Pursuant to the Credit Agreement, the Company received an initial term loan of $58.5 million on December 31, 2021 (the “Original Loan”) and secured a subsequent deferred draw facility of up to $10 million which may be provided for working capital purposes under certain conditions (the “Deferred Drawdown”). The Initial Loan and the Deferred Drawdown are collectively referred to as the “Term Loans”. Proceeds from the initial loan were used to fund the company’s acquisition of FrontRow, repay all debts owed to our existing lenders, Sallyport Commercial Finance, LLC and Lind Global Asset Management, LLC, pay related fees and transaction, and provide working capital. Of the original loan, $8.5 million is repayable on February 28, 2022, with quarterly interest payments commencing March 31, 2022 and the remaining balance of $50.0 million plus any deferred draw loans becoming due and payable in full on December 31, 2025.
The term loans will bear interest at LIBOR plus 10.75%; provided that after June 30, 2022, if the principal leverage ratio of the company (as defined in the credit agreement) is less than 2.25, the interest rate would be reduced to LIBOR plus 10.25 %. These conditions are subject to the Company maintaining a borrowing base under conditions consistent with the credit agreement.
Additionally, WhiteHawk managed to extract:
- 528,169 million new ordinary shares
- Dilution protected warrants to purchase an additional 2,043,291 common shares at an exercise price of $2. The strike price will be reset to a significantly lower level on March 31.”based on volume-weighted arithmetic average prices for the 30 trading days preceding March 31, 2022“
- Huge fee of $1.76 million
- An initial issuer discount of $0.5 million
Even without taking into account the substantial time value of the warrants, the additional shares and fees paid to WhiteHawk result in an effective interest rate of almost 15% for the new credit facility.
Assuming an average balance under the facility of $55 million, Boxlight would be expected to incur nearly $6.5 million in annual interest expense.
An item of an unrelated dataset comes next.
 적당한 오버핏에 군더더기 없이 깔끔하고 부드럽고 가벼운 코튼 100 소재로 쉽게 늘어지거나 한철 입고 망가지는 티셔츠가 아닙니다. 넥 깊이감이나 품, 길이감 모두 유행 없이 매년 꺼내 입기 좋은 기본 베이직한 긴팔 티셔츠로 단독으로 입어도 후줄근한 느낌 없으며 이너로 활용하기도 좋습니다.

On the other hand, the new credit facility allowed the company to repay the remaining toxic convertible notes issued to Lind Global Asset Management LLC (“Lind Global”) to partially fund the acquisition of Sahara Presentation Systems (“Sahara”) in 2020.
Also keep in mind that the company still has to process the Series B and Series C Preferred Shares issued to former Sahara owners with an estimated $16 million cash redemption payment originally due at the end of the year. last.
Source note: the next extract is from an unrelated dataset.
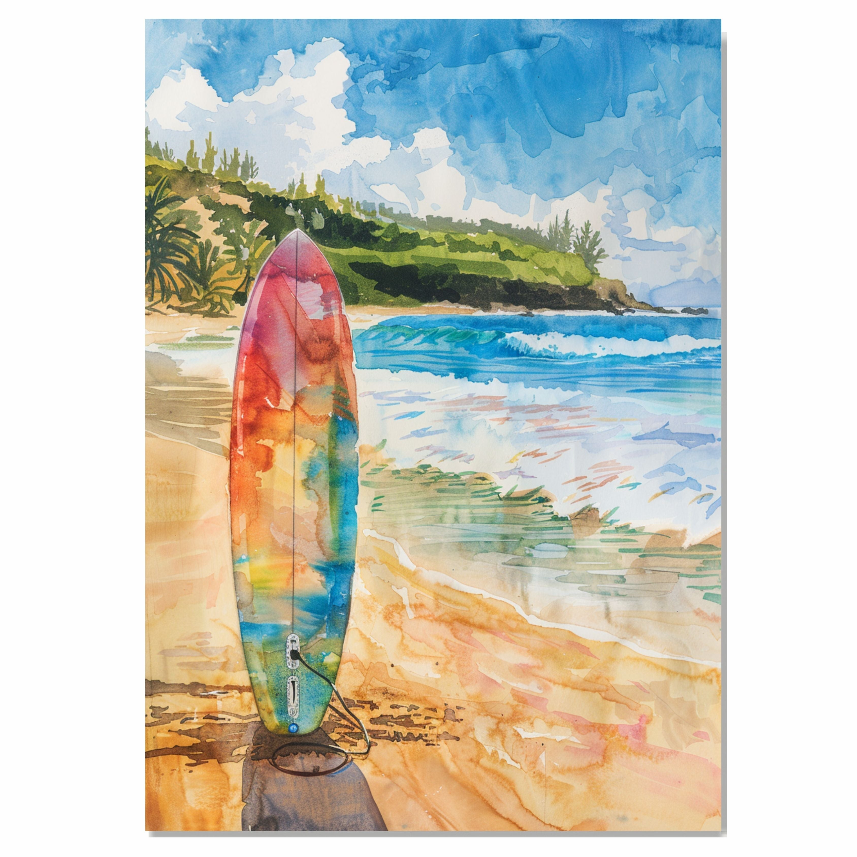 Experience the essence of a tropical paradise with this stunning watercolor of a multicolored surfboard resting on a sunlit beach. The lush green hills and ocean waves create a serene and adventurous atmosphere. A perfect piece for surf lovers and coastal dreamers.

Although the company hasn’t filed its 10-K yet, I’m guessing the company got an extension.
After a disappointing second half of 2021, Boxlight management expects respectable organic growth and greatly improved profitability for this year. In particular, the recent acquisition of FrontRow Calypso appears to be an excellent move as the transaction will increase margins by several hundred basis points and supports management’s expectations of positive cash flow for the year.
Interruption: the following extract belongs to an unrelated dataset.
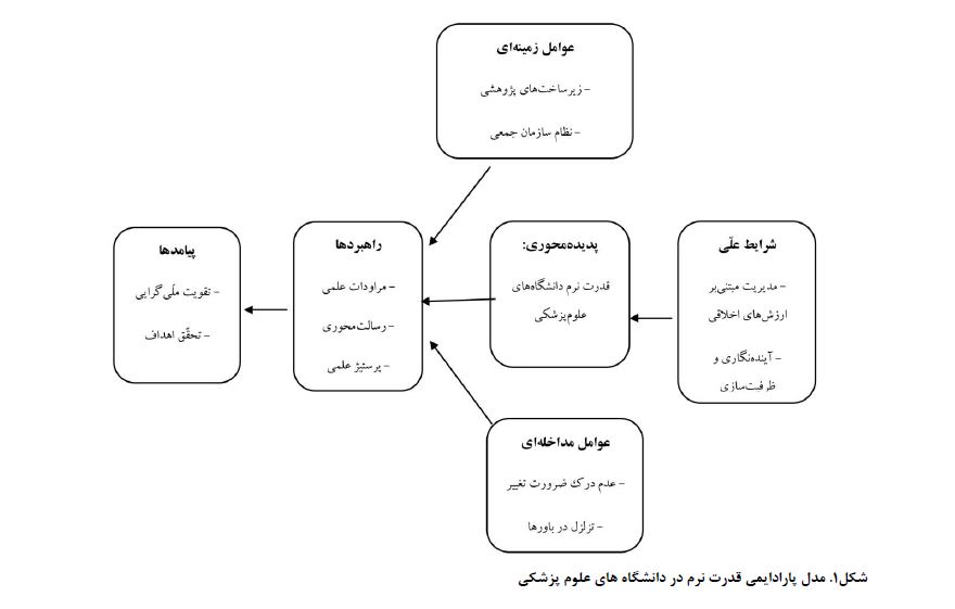 مدیریت مبتنی بر ارزشهای اخلاقی، آیندهنگاری و ظرفیتسازی و تقویت روابط بینالملل با همدیگر آموزش جامعهبنیان را تشکیل میدهند که بر پدیده قدرت نرم تأثیر میگذارند. اقداماتی که باید برای قدرت نرم در دانشگاههای علومپزشکی انجام شوند، تحتعنوان راهبردها شامل راهبرد متعهّدانه که با رشد اخلاق حرفهای و تعهّد به جامعه صورت میپذیرد و دانشافزایی که با رسالتمحوری و اعتبار علمی نقش خود را ایفا میکند، هستند. ازطرفی، مهندسی فرهنگ شامل بالندگی و بهسازی، نظام سازمان جمعی و ارتقای زیرساختهای پژوهش با ایجاد شرایط ویژه بر راهبردها مؤثر است. تخریب موفقیت شامل عواملی نظیر تزلزل در باورها و عدم درک ضرورت تغییر در راهبردهاست. اگر شرایط ویژه برای عملیاتی شدن راهبردها مهیّا و عوامل مداخلهای کنترل شود، اهداف محقّقشده و ملّیگرایی تقویت و بهطورکلی، نهادینهسازی فرهنگی انجام میشود.

While the first quarter forecast of $44 million in sales and an adjusted EBITDA of $2 million is nothing out of the ordinary, business is expected to pick up significantly in the second quarter and particularly in the third quarter, which has always been the company’s strongest quarter.
Should Boxlight meet or even surpass profitability targets, I would expect the stock price to return above the $2 level.
Speculative investors willing to give management the benefit of the doubt should consider raising the stock to current depressed levels.
Given the improved outlook and updated valuation, I am raising my rating on which stocks to “buy”.